When my son went back to school this year, I found myself attending a two-hour meeting for the parents of students new to the school’s symphonic band which is also the school’s marching band.

There are very particular duties during what is known as “marching season” not the least of which is making sure that the marching uniform is clean for all performances.

Usually, there is plenty of time to make sure the uniform is clean and in good repair, but this past Friday the band had a football game to perform at which included a half-time show that required marching on a field that had gotten two full days of rain earlier in the week.

Just fifteen hours after being dismissed from that performance, the band was scheduled to meet up to prepare for and then go to a marching band competition.

That left me not as much time as I would have liked to get the mud off the white pants that my son had worn for marching, but as I stood at the kitchen sink scrubbing the offending stains with a toothbrush and the recommended cleaners, I realized I was doing something that my grandmother would have valued a great deal, and I while I doubt that I did as good a job as she would have (no one could wield a washboard the way my grandmother could), she would have at least approved of my efforts.

When I had gotten the pants were as clean as I could get them, I put them in the washer. It was at this point, I was finally able to get to my crochet.

The first thing I wanted to get done was all of the crochet “tiles” for the corner panel that depicts my grandmother’s stove.

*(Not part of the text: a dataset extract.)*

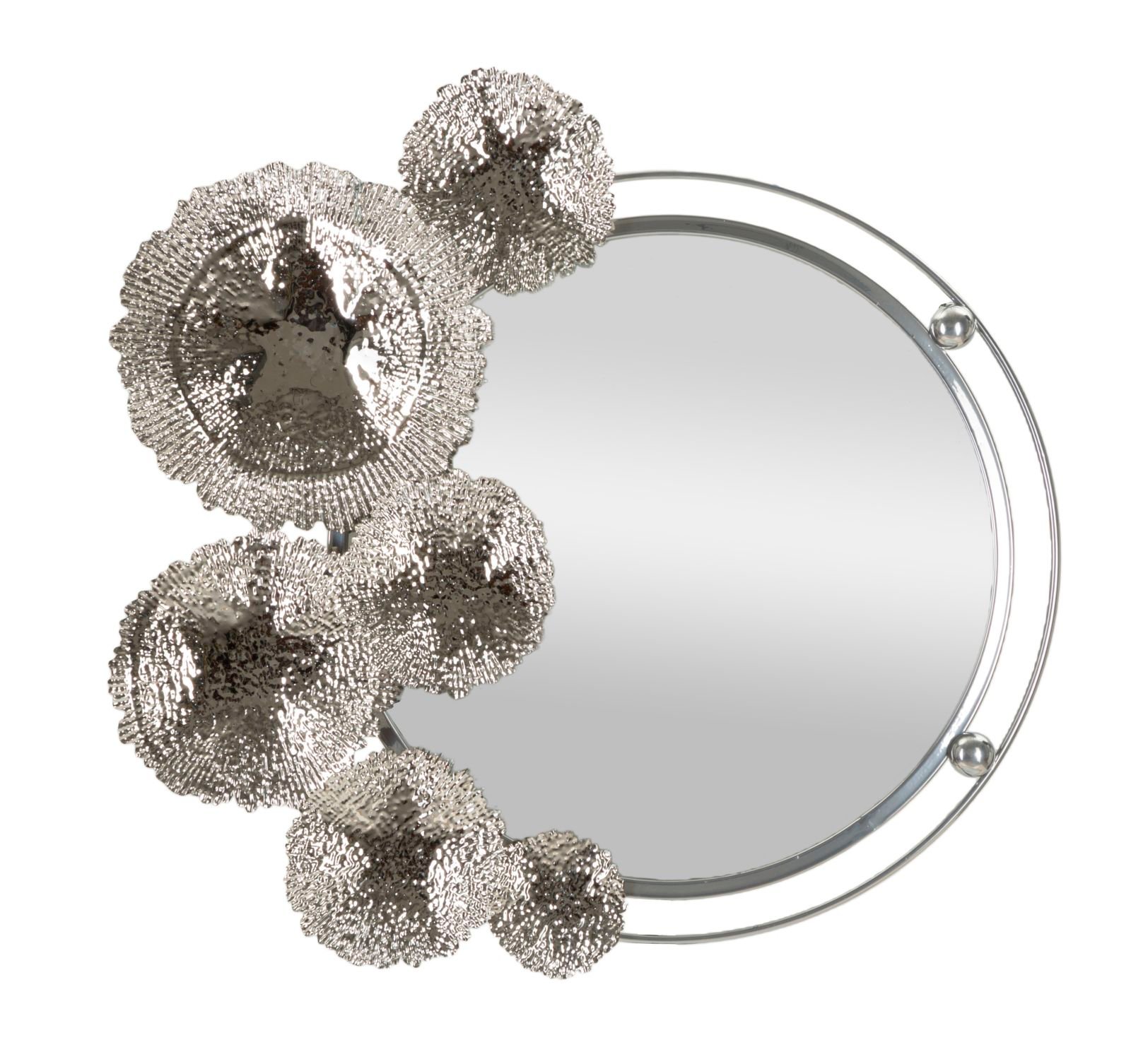 Espelho de parede em metal adornado com aplicações prateadas que lembram delicadas flores, acrescentam um toque de elegância e requinte a qualquer ambiente.

The work did not go quickly, but eventually, I did get it done. Here are the seven squares I needed to complete the panel:

seven crochet squares
The last seven crochet tiles

With those squares done, I began to move forward on joining the pieces of the corner panels, and had gotten this far by the time the sun began to set on my weekend:

crochet squares squared
I begin piecing the corner crochet panels

The one consistent thing about state fair season (and life) is that there is never enough time for me to do everything I want to do, but I persist and continue to move forward, one stitch at a time.